### What you will do
Transcribe all the entries word for word, but omit the images.

#### Provided entries

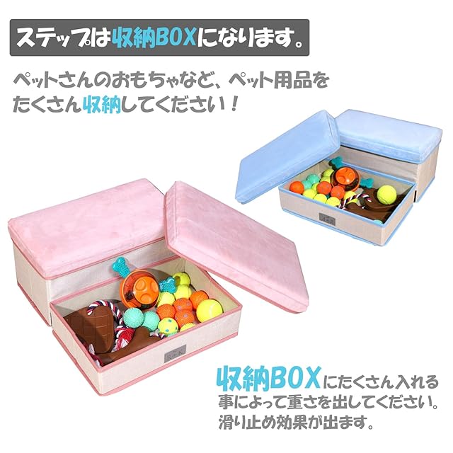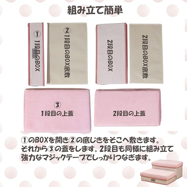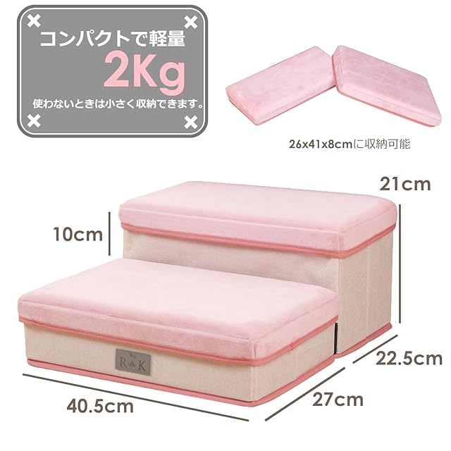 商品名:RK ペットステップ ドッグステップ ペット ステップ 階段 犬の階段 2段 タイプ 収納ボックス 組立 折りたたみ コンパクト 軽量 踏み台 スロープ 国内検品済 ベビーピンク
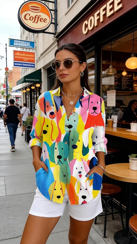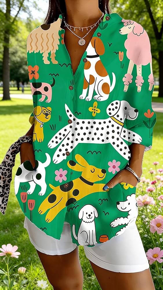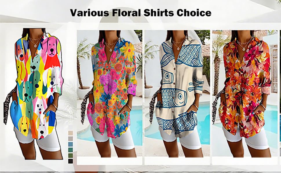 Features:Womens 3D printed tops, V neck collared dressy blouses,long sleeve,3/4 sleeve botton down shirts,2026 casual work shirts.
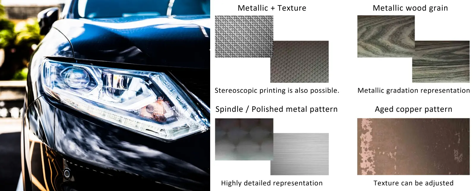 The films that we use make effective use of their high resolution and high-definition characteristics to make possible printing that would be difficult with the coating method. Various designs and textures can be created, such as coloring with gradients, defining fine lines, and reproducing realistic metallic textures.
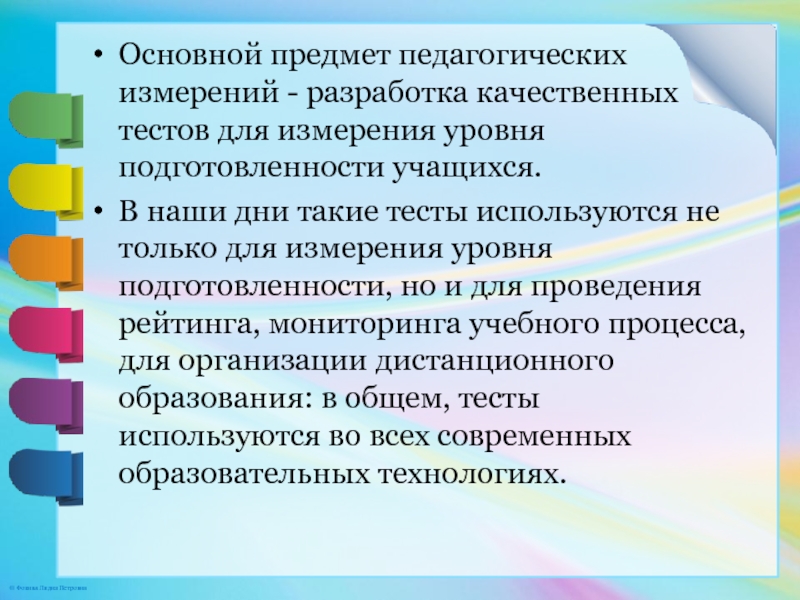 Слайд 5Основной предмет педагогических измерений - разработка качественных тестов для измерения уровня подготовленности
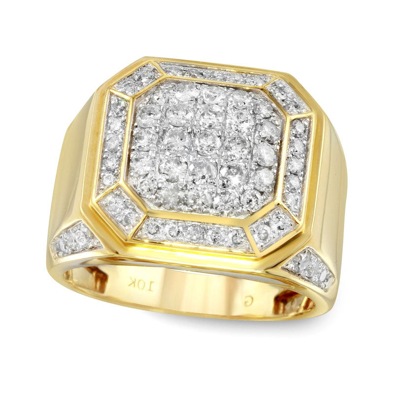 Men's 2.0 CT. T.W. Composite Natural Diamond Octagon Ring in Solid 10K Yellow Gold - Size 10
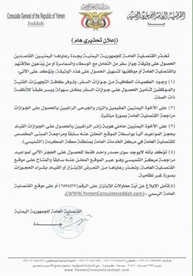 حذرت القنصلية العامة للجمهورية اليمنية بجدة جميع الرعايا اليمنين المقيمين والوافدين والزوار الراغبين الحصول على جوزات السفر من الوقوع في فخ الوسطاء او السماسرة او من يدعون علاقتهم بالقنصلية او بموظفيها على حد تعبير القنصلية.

########

### Answer space
 商品名:RK ペットステップ ドッグステップ ペット ステップ 階段 犬の階段 2段 タイプ 収納ボックス 組立 折りたたみ コンパクト 軽量 踏み台 スロープ 国内検品済 ベビーピンク
 Features:Womens 3D printed tops, V neck collared dressy blouses,long sleeve,3/4 sleeve botton down shirts,2026 casual work shirts.
 The films that we use make effective use of their high resolution and high-definition characteristics to make possible printing that would be difficult with the coating method. Various designs and textures can be created, such as coloring with gradients, defining fine lines, and reproducing realistic metallic textures.
 Слайд 5Основной предмет педагогических измерений - разработка качественных тестов для измерения уровня подготовленности
 Men's 2.0 CT. T.W. Composite Natural Diamond Octagon Ring in Solid 10K Yellow Gold - Size 10
 حذرت القنصلية العامة للجمهورية اليمنية بجدة جميع الرعايا اليمنين المقيمين والوافدين والزوار الراغبين الحصول على جوزات السفر من الوقوع في فخ الوسطاء او السماسرة او من يدعون علاقتهم بالقنصلية او بموظفيها على حد تعبير القنصلية.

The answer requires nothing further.